When manually assigning attributes for a DYN endpoint type (rather than using Connector Xpress), eTDYN-str-multi- is usually the best choice as you are less likely to run out of attributes.
If caching is required, we recommend that you use eTDYN-str-multi-ca, as the Provisioning Server does not typically cache the attribute values in the DYN namespace (except for a set of well-known attributes, for example, eTDYNConnectionURL, eTDYNHost, and such). Use a –ca- variant for cases requiring caching, for example, extra connection-related attributes.
For attributes in classes other than accounts and account templates, and non-capability attributes on these classes, the fact that these underlying LDAP attributes are multi-valued and strings is not important, as the metadata specified for them controls whether they accept multiple values and their real type.
For more information about available classes and attributes you may choose to mention in your metadata see DYN Schema Extensions.

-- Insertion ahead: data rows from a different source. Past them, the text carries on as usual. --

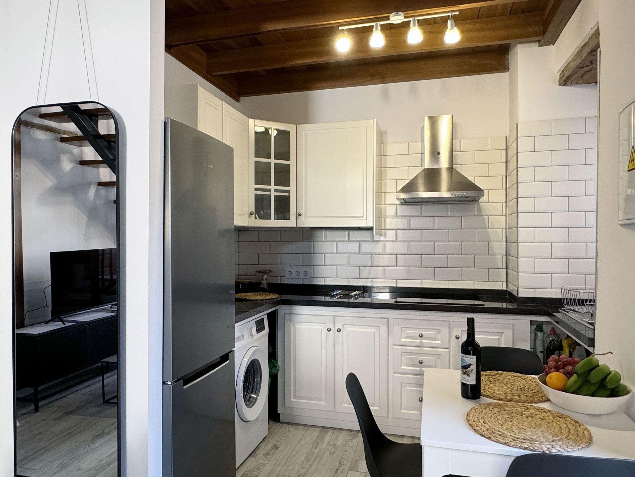 Die Casa Lola bietet Ihnen außerdem einen gemütlichen Wohnbereich, einen stilvollen Arbeitsplatz und eine voll ausgestattete Küche mit Ceranfeld, Spüle und Kühl-Gefrierkombination perfekt für Ihren längeren Aufenthalt.
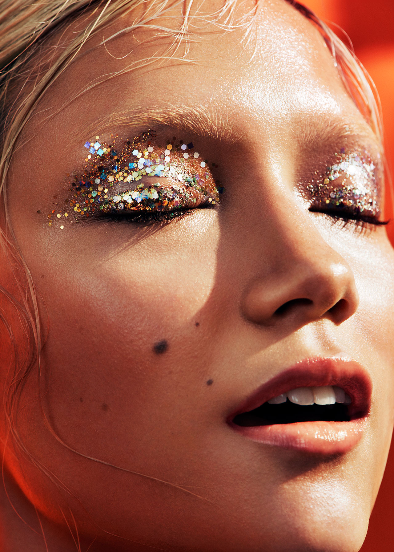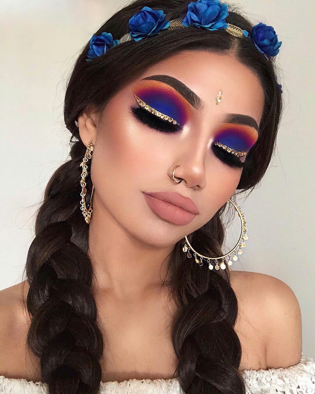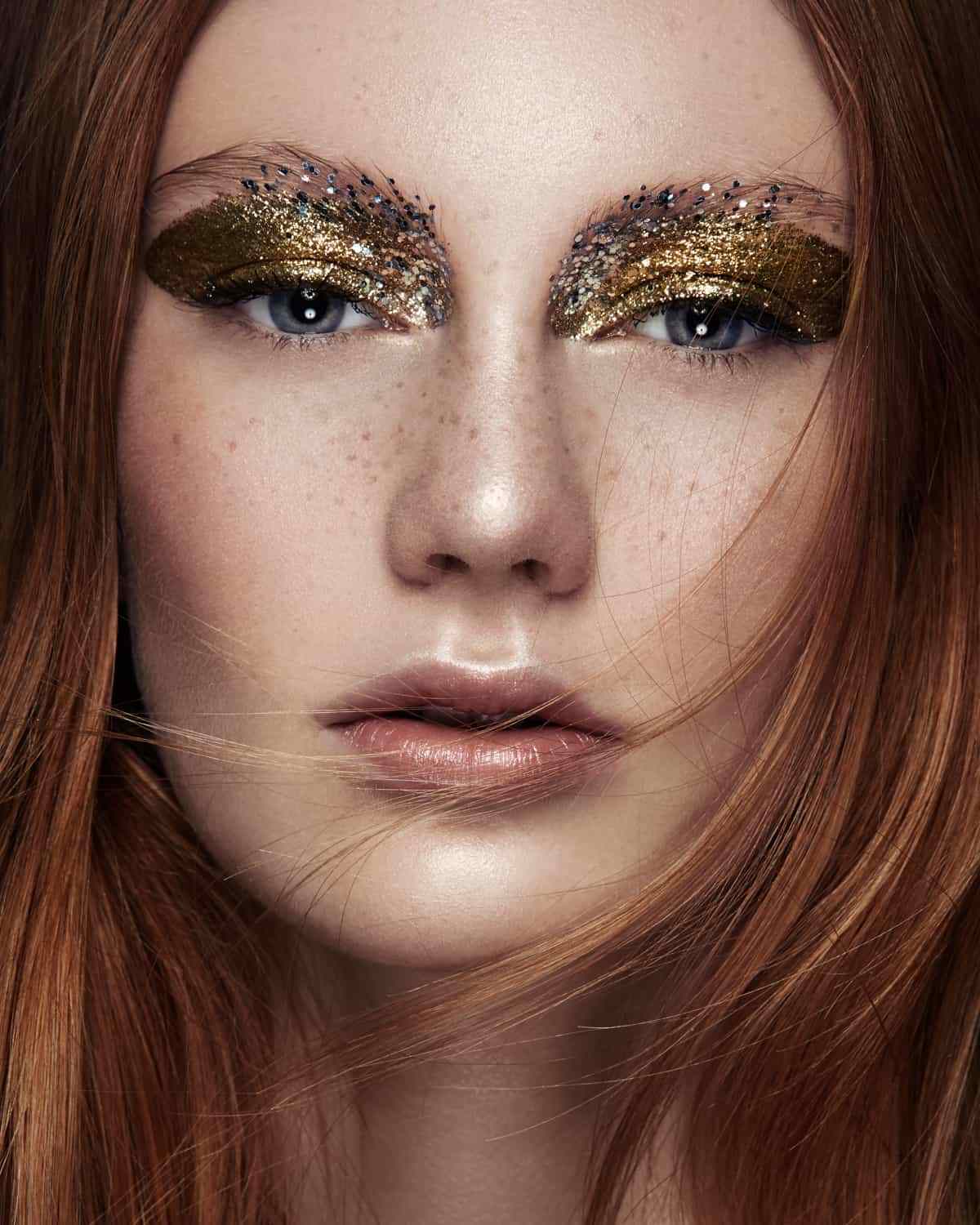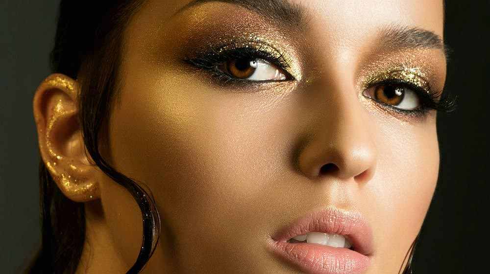 - Sur les pommettes et la peau. La poudre scintillante ou scintillante est doucement frottée sur le corps lors de la dernière étape du maquillage. De grosses paillettes ou encore des strass sont collés ponctuellement avec de la colle pour faux cils. Essayez de ne pas être trop zélé avec la quantité.
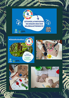 Aqui temos a construção de placares alusivos à vida aquática com ilustrações a partir de rolos de papel higiénico e de embalagens diversificadas, bem como construção de instrumentos musicais a partir de caixas de cartão e tampas de plástico para o projeto de articulação com os parceiros Foco Musical, concerto "Floresta D'Água" a acontecer na segunda quinzena de maio da Aula Magna.
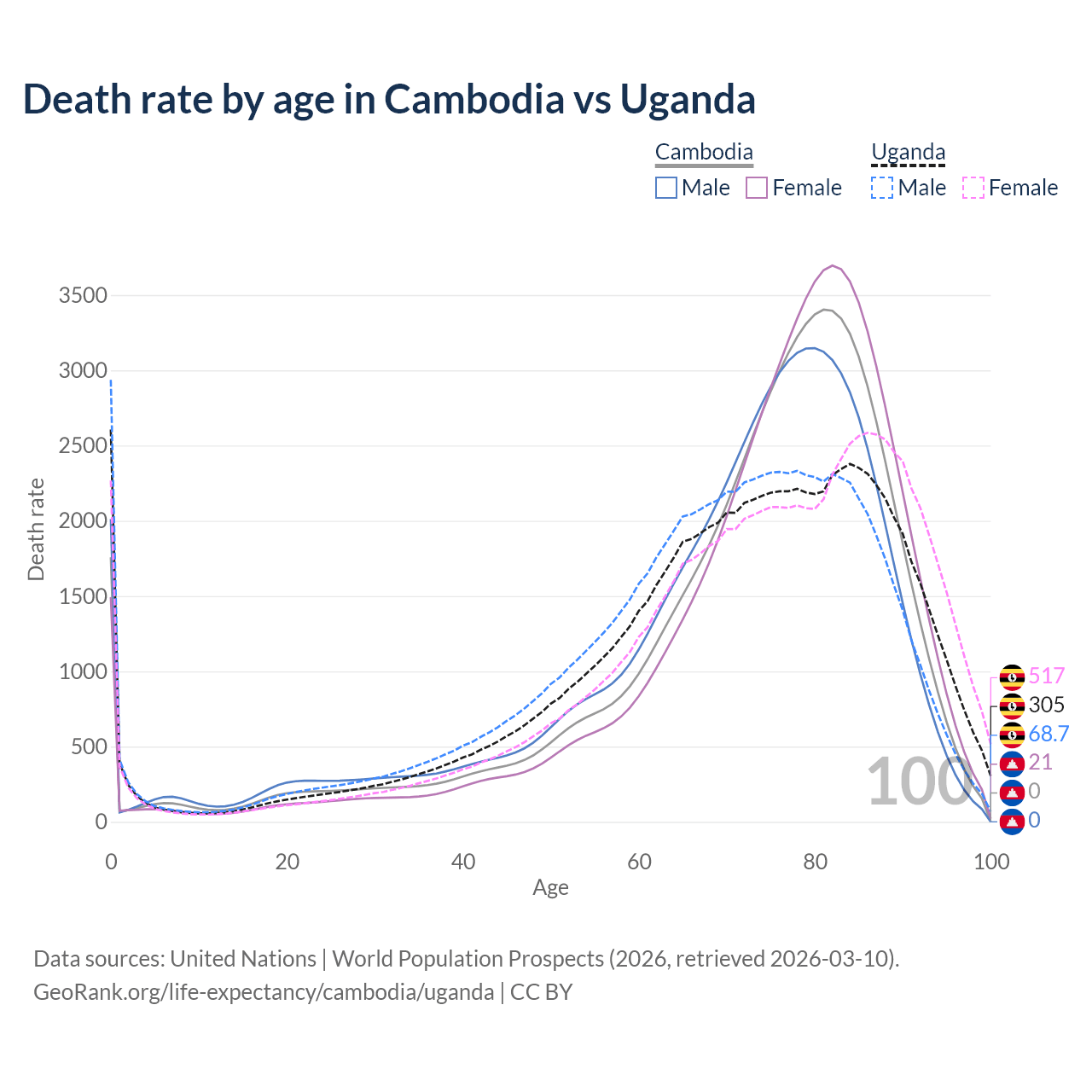 In Cambodia, the most common age of death is 81, compared to 0 in Uganda. The median age of death is 76.5 in Cambodia and 73.3 in Uganda, meaning only half of each cohort is expected to live past that age.
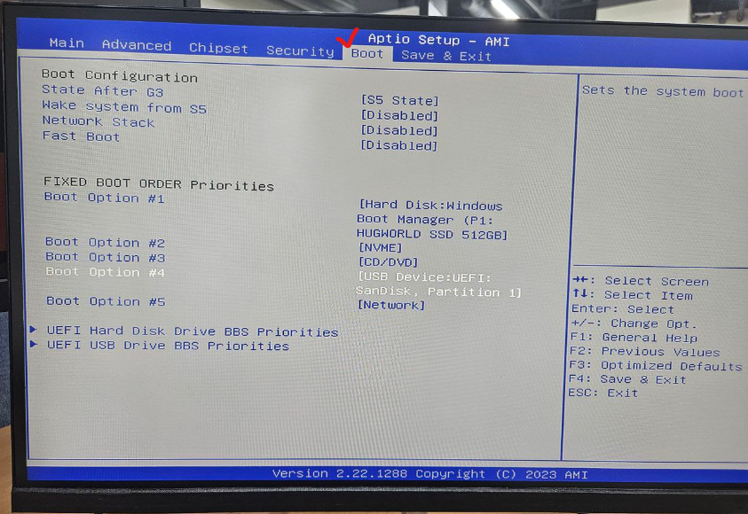 현재 Boot Order Priorities에 USB가 #4로 설정된 것을 확인할 수 있습니다.

For capability attributes on accounts and account templates where policy merging by the provisioning server comes into play, the distinction between single verses multi-valued attributes, real type, and case-sensitivity become important at the LDAP level. We recommend that you consider:
Note: Where an attribute id matches one of the regexes found in sensitiveAttrIdRegexes property in server_jcs.xml, the attributes are automatically treated as a sensitive attribute and are obscured in logging output (even when logging is turned on at the lowest levels of the ApacheDS code). The substrings password, pwd, and cred are defined to trigger this behavior by default. A good practice is to use attribute names with higher numbered suffixes for such sensitive attributes, allowing them to be excluded from logs across all connectors without negative impact.